Data extract:
Start of Block
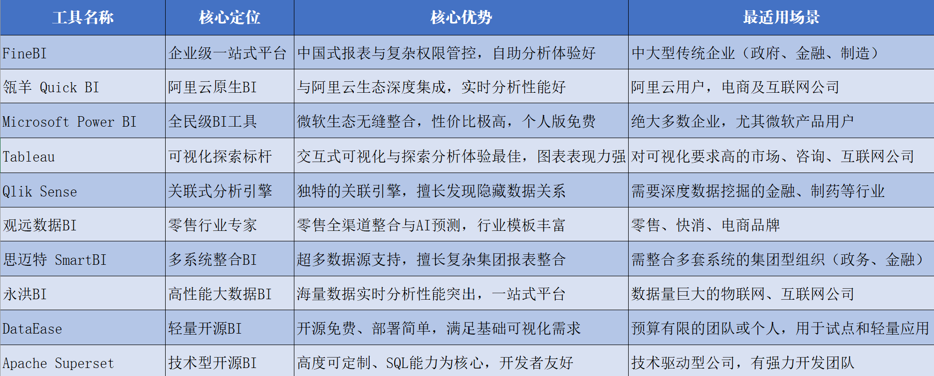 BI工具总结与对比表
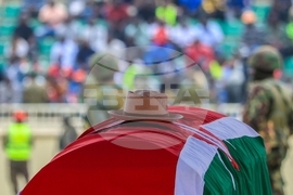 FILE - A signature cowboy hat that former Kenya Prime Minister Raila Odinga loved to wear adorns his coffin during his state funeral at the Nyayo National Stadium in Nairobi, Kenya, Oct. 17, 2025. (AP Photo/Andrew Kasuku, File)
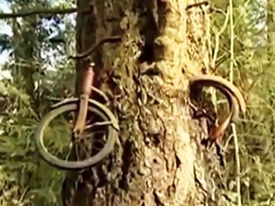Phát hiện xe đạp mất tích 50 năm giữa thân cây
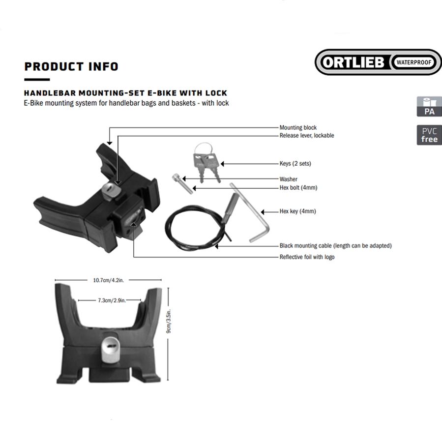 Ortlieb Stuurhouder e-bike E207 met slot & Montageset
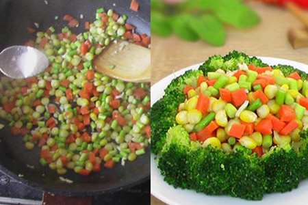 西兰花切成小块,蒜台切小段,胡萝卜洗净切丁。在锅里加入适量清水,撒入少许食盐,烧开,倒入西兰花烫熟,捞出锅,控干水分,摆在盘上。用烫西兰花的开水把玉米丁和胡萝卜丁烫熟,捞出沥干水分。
End of Block
Start of Block
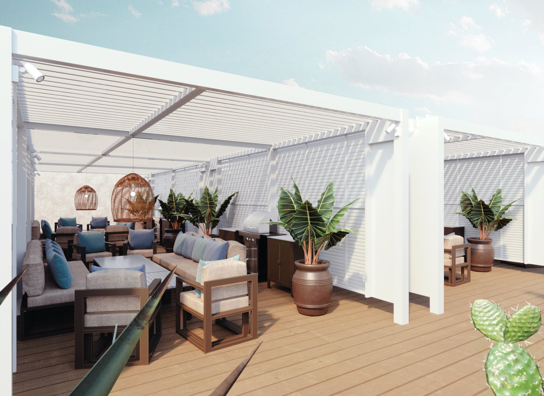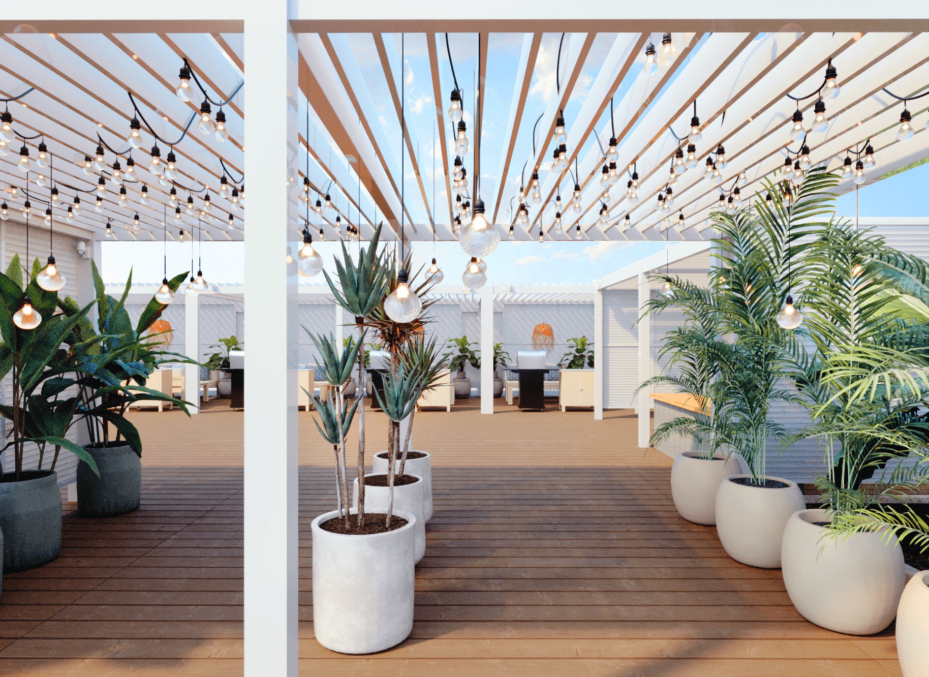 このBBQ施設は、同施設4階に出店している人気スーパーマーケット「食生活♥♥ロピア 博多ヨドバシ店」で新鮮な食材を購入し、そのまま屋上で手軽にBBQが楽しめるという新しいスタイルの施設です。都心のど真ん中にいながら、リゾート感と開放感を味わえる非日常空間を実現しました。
End of Block
Assignment: Which part of the entries opens with the line containing "Phát hiện xe" and closes with the line containing "西兰花切成小块,蒜台切小段,胡萝卜洗净切"? Output that part exactly, ends included, pictures excluded.

The completed task:
Phát hiện xe đạp mất tích 50 năm giữa thân cây
 Ortlieb Stuurhouder e-bike E207 met slot & Montageset
 西兰花切成小块,蒜台切小段,胡萝卜洗净切丁。在锅里加入适量清水,撒入少许食盐,烧开,倒入西兰花烫熟,捞出锅,控干水分,摆在盘上。用烫西兰花的开水把玉米丁和胡萝卜丁烫熟,捞出沥干水分。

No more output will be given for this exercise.